4

I'm looking for a regular expression that will identify a sequence in which an integer in the text specifies the number of trailing letters at the end of the expression. This specific example applies to identifying insertions and deletions in genetic data in the pileup format.

For example:

If the text I am searching is:

AtT+3ACGTTT-1AaTTa

I need to match the insertions and deletions, which in this case are +3ACG and -1A. The integer (n) portion can be any integer larger than 1, and I must capture the n trailing characters.

I can match a single insertion or deletion with [+-]?[0-9]+[ACGTNacgtn], but I can't figure out how to grab the exact number of trailing ACGTN's specified by the integer.

I apologize if there is an obvious answer here, I have been searching for hours. Thanks!

(UPDATE)

I typically work in Python. The one workaround I've been able to figure out with the re module in python is to call both the integers and span of every in/del and combine the two to extract the appropriate length of text.

For example:

>>> import re
>>> a = 'ATTAA$At^&atAA-1A+1G+4ATCG'
>>> expr = '[+-]?([0-9]+)[ACGTNacgtn]'
>>> ints = re.findall(expr, a) #returns a list of the integers
>>> spans = [i.span() for i in re.finditer(expr,a)]
>>> newspans = [(spans[i][0],spans[i][1]+(int(indel[i])-1)) for i in range(len(spans))]
>>> newspans
>>> [(14, 17), (17, 20), (20, 26)]

The resulting tuples allow me to slice out the indels. Probably not the best syntax, but it works!

Aaron Sams
  • 41
  • 3
  • 1
    That is impossible with regular expressions. Certain implementations of "regular" expressions allow this, but it will be more difficult and slower than performing the calculations outside of the expression. –  Jul 28 '12 at 04:52

3 Answers3

2

You can use regular expression substitution passing a function as replacement... for example

s = "abcde+3fghijkl-1mnopqr+12abcdefghijklmnoprstuvwxyz"

import re

def dump(match):
    start, end = match.span()
    print s[start:end + int(s[start+1:end])]

re.sub(r'[-+]\d+', dump, s)

#output
# +3fgh
# -1m
# +12abcdefghijkl
6502
  • 112,025
  • 15
  • 165
  • 265
0

It's not directly possible, regexes can't 'count' like that.

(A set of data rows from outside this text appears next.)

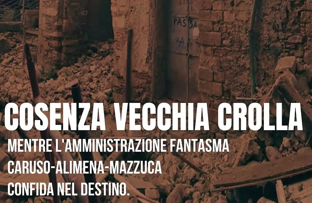 Per il collettivo civico, il crollo rappresenta “la misura del fallimento politico e dell’incapacità amministrativa della giunta Caruso-Alimena-Mazzuca”. «Un’amministrazione che confida nel fatalismo per sbloccare i cantieri ha rinunciato a governare. La tutela del centro storico richiede competenza, visione, dialogo e coerenza: non si può amministrare sperando che il fato risolva problemi trascurati per quattro anni e mezzo».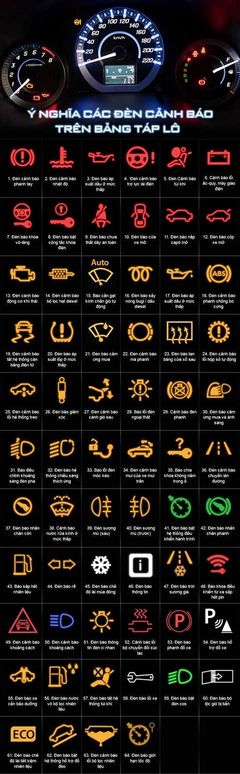 Hãng cứu hộ chuyên nghiệp Britannia (Anh quốc) đã tổng hợp 64 ký hiệu đèn báo phổ biến nhất trên bảng táp lô của các hãng xe hơi. Trong đó chỉ có 12 ký hiệu đèn là thường xuyên xuất hiện ở tất cả các mẫu xe.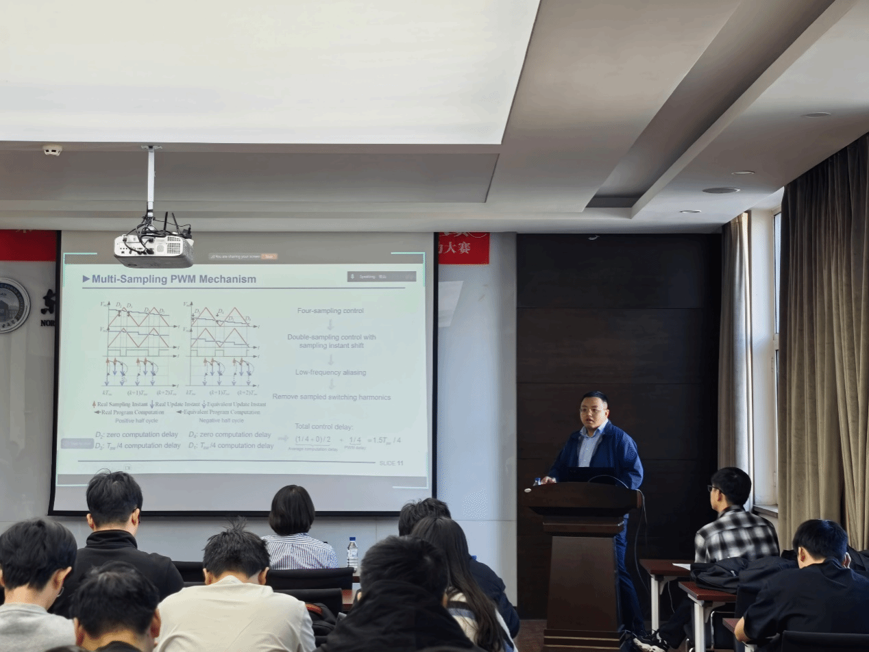 报告会上,贺山教授聚焦多采样技术在并网变流器中的应用核心主题,围绕新能源并网领域的技术升级需求展开分享。首先,他明确了并网变流器作为新能源与电网连接关键部件的核心定位,指出常规单采样、双采样控制在实际应用中的局限,以及高性能数字控制器成本降低背景下多采样控制的应用价值;然后,深入阐释了多采样脉宽调制的核心机理,分析其采样频率高于变换器开关频率两倍以上带来的开关纹波引入、控制自由度提升等关键特性;最后,从控制稳定性优化与状态监测强化两个维度,系统介绍了多采样技术在并网变流器中的具体应用路径,为新能源并网领域的技术升级提供了实用参考。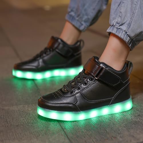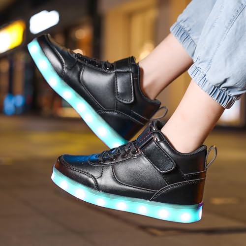 Kids LED Light up Shoes USB Rechargeable High Top Sneakers for Unisex Child Boys Girls 7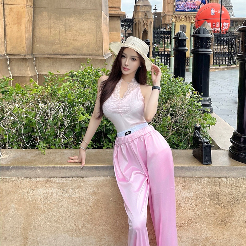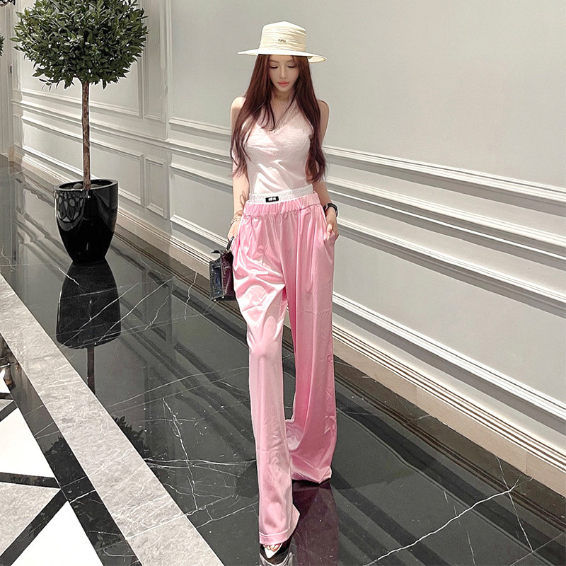 MIMIWU粉色双腰头缎面休闲裤 女松紧腰显瘦百搭垂感气质宽松直筒裤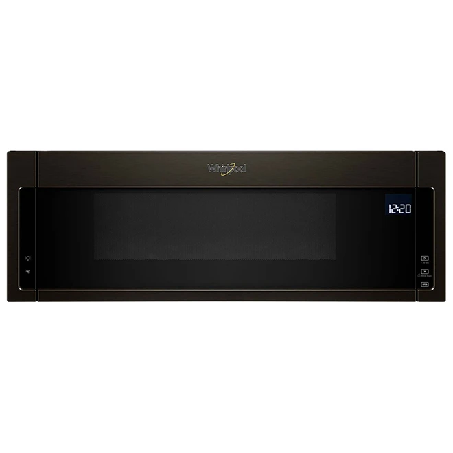 This over-the-range microwave from Whirlpool (TM) is an ideal product for small kitchens. Keep a fresh air in your kitchen with a 400 CFM motor class high performance venting that quickly eliminates smoke, odor and moisture. Fit tall glasses, wide plates and big bowls in this low profile microwave that still has enough room for all the essentials with 1.1 cu. ft. of purposeful capacity. With a cooking power of 1000 W, large dishes can be cooked efficiently. The CleanRelease (R) nonstick interior can be cleaned with a damp cloth, without special cleaning solution, while the stainless steel exterior is fingerprint resistant.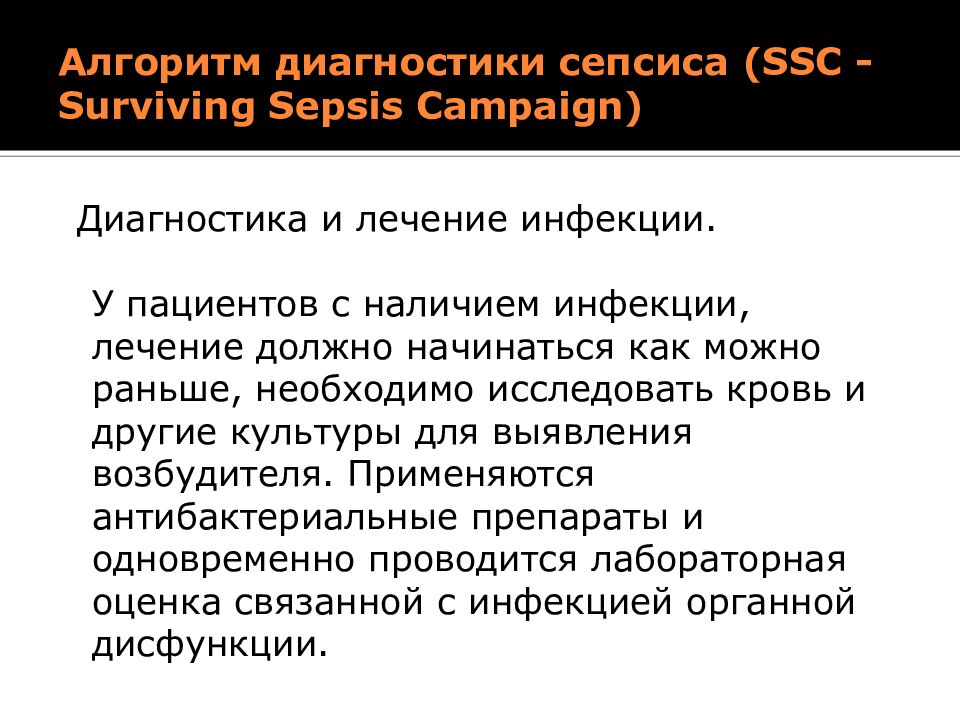 Слайд 46: Алгоритм диагностики сепсиса (SSC - Surviving Sepsis Campaign)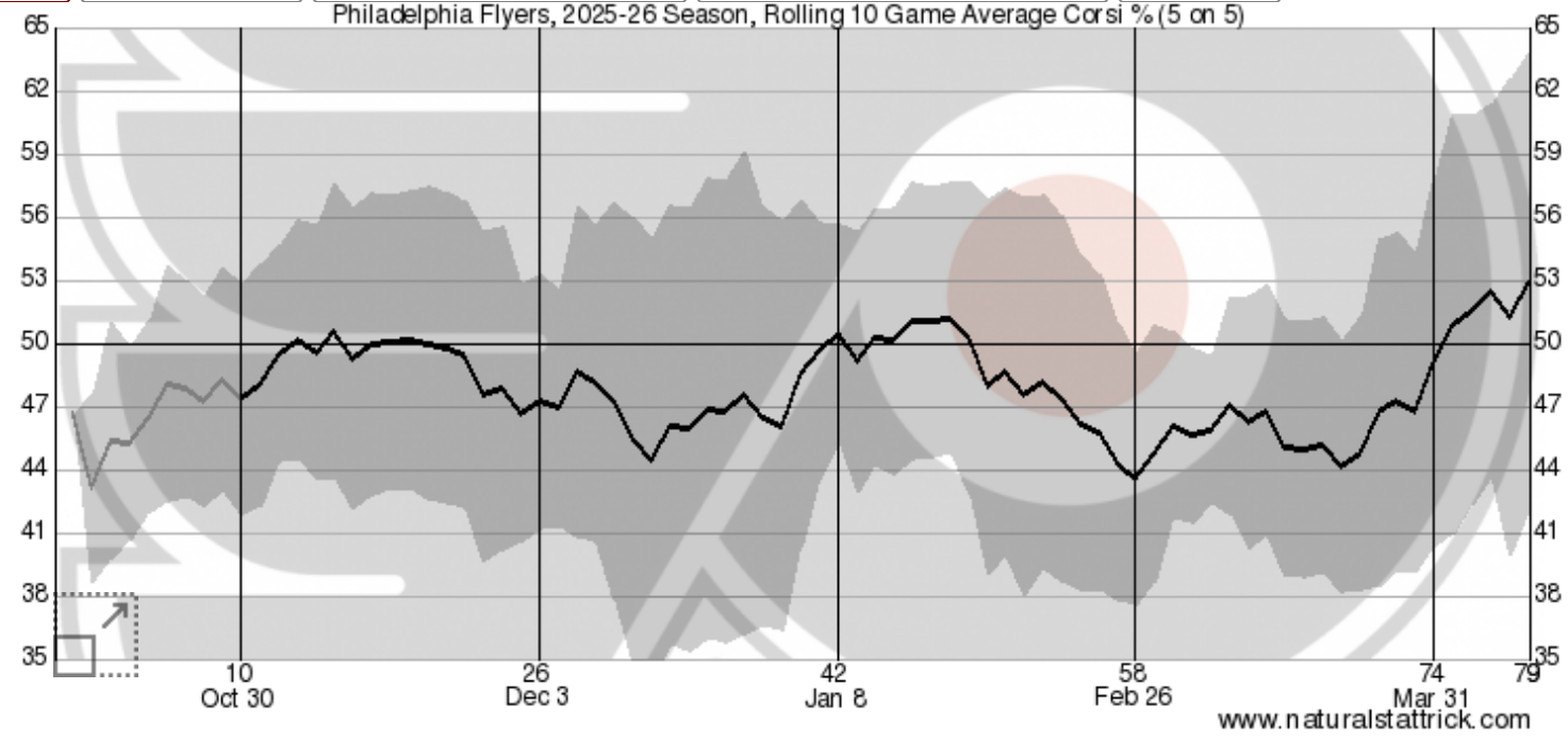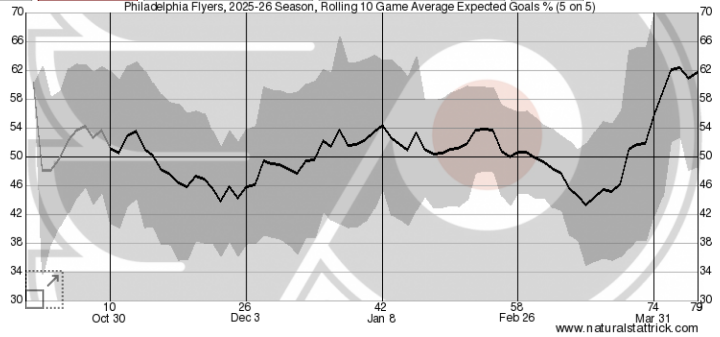 According to NaturalStatTrick, the Flyers possession numbers have climbed significantly over the past month, and in turn, so has their expected goals at 5-on-5.Â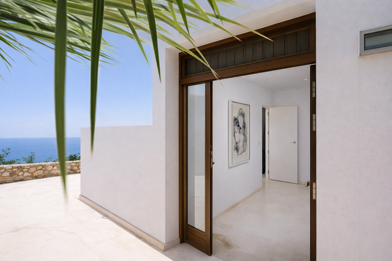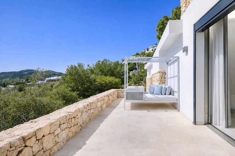 Situada dentro de una urbanización privada con seguridad, esta propiedad ofrece tranquilidad absoluta y vistas abiertas al Mediterráneo, a solo 15 minutos de Ibiza ciudad y del puerto deportivo Marina Botafoch.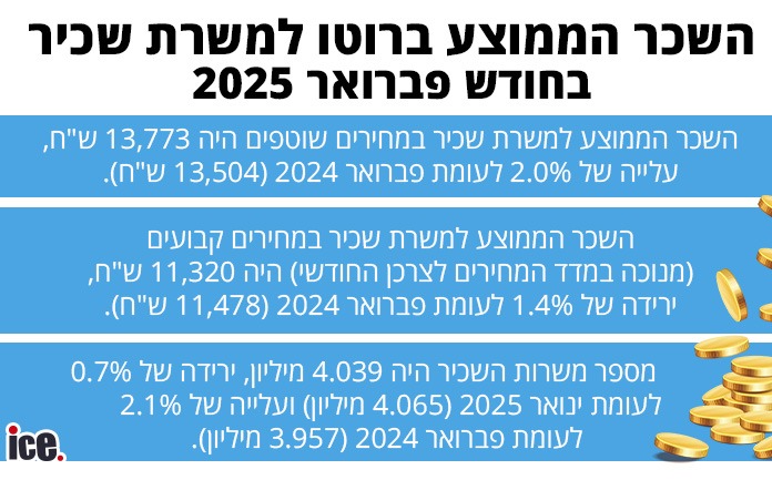 השכר הממוצע למשרת שכיר במחירים קבועים (מנוכה במדד המחירים לצרכן החודשי) היה 11,320 שקל, ירידה של 1.4% לעומת פברואר 2024 אז הסכום היה 11,478 שקל. מספר משרות השכיר היה 4.039 מיליון, ירידה של 0.7% לעומת ינואר 2025 (4.065 מיליון) ועלייה של 2.1% לעומת פברואר 2024 (3.957 מיליון).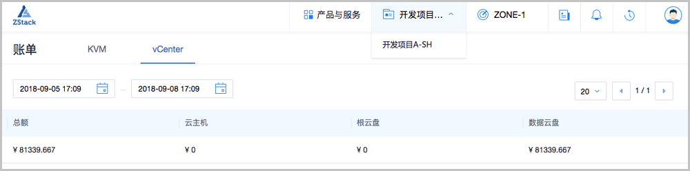 企业管理账号体系(项目负责人/项目管理员/项目成员)可查看本项目下的vCenter资源费用信息。如图 3所示: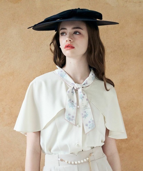 ■デザインポイント 繊細な水彩タッチのスミレプリントがフェミニンなブラウス。 映画に登場する女性が着ていたフラワープリントのケープ使いワンピースからインスパイアされた一品。 ふんわりとしたケープのデザインが上品でありながら夏まで長く着こなせるポイント。 ■オススメスタイリング 程よくカジュアルダウンさせたデニムのフレアースカートと合わせて着こなしたり、スカーフのカラーと色味を揃えたレトロなカラースカートと合わせた着こなしがオススメです。 お揃いのスミレモチーフの刺繍バッグと合わせてムードたっぷりに仕上げて ====== 透け感:なし 裏地:なし 生地感: ふつう ==== ※洗濯は中性洗剤を使用してください。※アイロンは当て布を使用してください。 ▼an another angelus/アンアナザーアンジェラス 『パリの裏通りにひっそりとたたずむ小さな隠れ家。その扉を開けると…』 懐かしくも新しいレトロ感をレディライクに表現し、大人の女性のワードローブを提案。 50年代パリのメゾンからインスパイアされたモードなシルエットやクチュール感のあるディティールにこだわった「Mode of classic」のアイテムも展開中です。 ▼Fint/フィント 50~70年代のクラシカルなヴィンテージデザインに トレンド感をプラスしたレトロ&ガーリースタイルをお届け。 古着屋で一点ものを見つけるような【ときめき】を感じられるブランドです。 ▼商品のお気に入り登録▼気になるアイテムの♡をクリックしてお気に入り登録すると残り1点の通知、完売カラーアイテム再入荷の通知、お得な通知が届きます。 ▼ショップお気に入り登録▼ ショップからの新作商品やお得なイベント情報など、いち早くブランドからの情報を受け取ることができます。

But if you're using a programming language that allows callbacks as a regex match evaluator (e.g. C#, PHP), then what you could do is have the regex as [+-]?([0-9]+)([ACGTNacgtn]+) and in the callback trim the trailing characters to the desired length.

e.g. for C#

var regexMatches = new List<string>();
Regex theRegex = new Regex(@"[+-]?([0-9]+)([ACGTNacgtn]+)");
text = theRegex.Replace(text, delegate(Match thisMatch)
{

    int numberOfInsertsOrDeletes = Convert.ToInt32(thisMatch.Groups[1].Value);
    string trailingString = thisMatch.Groups[2].Value;
    if (numberOfInsertsOrDeletes > trailingString.Length)
    { trailingString = trailingString.Substring(0, numberOfInsertsOrDeletes); }
    regexMatches.Add(trailingString);

    return thisMatch.Groups[0].Value;
});
Michael Low
  • 24,276
  • 16
  • 82
  • 119
  • Thanks mikel, your answer got me thinking about how to solve this problem in python. I've updated my question with the solution that I've found. – Aaron Sams Jul 28 '12 at 14:14
0

The simple Perl pattern for matching an integer followed by that number of any character is just:

 (\d+)(??{"." x $1})

which is quite straight-forward, I think you’ll agree. For example, this snippet:

my $string = "AtT+3ACGTTT-1AaTTa";

print "Matched $&\n" while $string =~ m{
    ( \d+ )            # capture an integer into $1
    (??{ "." x $1 })   # interpolate that many dots back into pattern
}xg;

Merrily prints out the expected

Matched 3ACG
Matched 1A

EDIT

Oh drat, I see you just added the Python tag since I began editing. Oops. Well, maybe this will be helpful to you anyway.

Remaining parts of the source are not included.